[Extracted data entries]

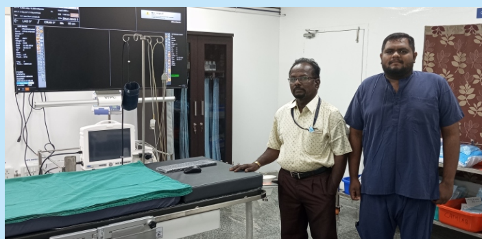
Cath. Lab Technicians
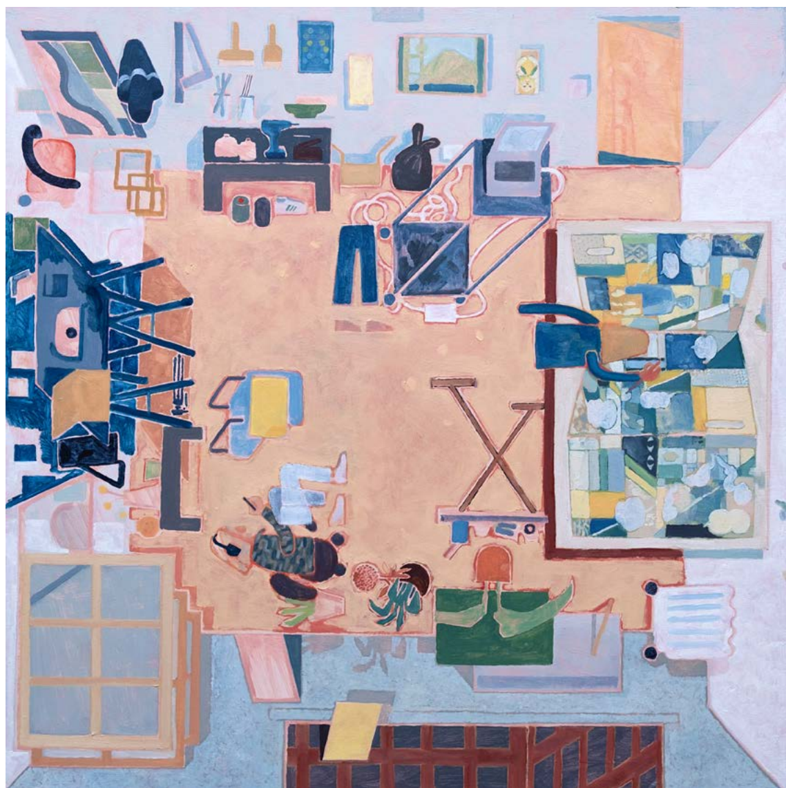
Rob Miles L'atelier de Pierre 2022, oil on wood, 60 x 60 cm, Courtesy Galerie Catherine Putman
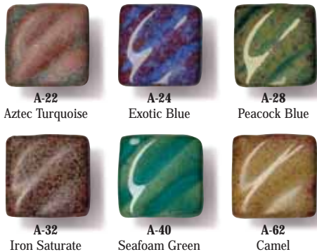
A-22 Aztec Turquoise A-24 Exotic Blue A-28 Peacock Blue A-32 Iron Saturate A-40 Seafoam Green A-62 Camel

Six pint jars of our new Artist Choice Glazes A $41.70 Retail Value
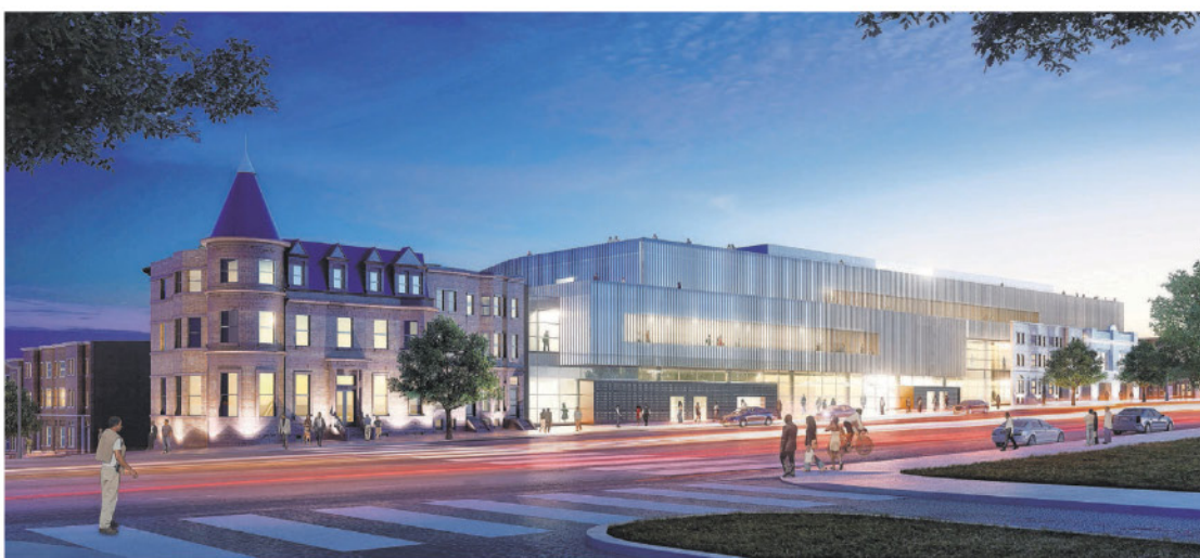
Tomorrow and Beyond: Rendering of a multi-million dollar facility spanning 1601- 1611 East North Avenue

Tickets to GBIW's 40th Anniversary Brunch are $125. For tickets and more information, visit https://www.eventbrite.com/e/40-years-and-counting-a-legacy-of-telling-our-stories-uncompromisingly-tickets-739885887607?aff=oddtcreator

▶ [The problem] Above are records with pictures. Reproduce exactly only the lines from the line with "Rob Miles L'atelier" through the line with "Tomorrow and Beyond: Rendering", both ends included, and leave the pictures out.

▶ [Final answer]
Rob Miles L'atelier de Pierre 2022, oil on wood, 60 x 60 cm, Courtesy Galerie Catherine Putman
A-22 Aztec Turquoise A-24 Exotic Blue A-28 Peacock Blue A-32 Iron Saturate A-40 Seafoam Green A-62 Camel

Six pint jars of our new Artist Choice Glazes A $41.70 Retail Value
Tomorrow and Beyond: Rendering of a multi-million dollar facility spanning 1601- 1611 East North Avenue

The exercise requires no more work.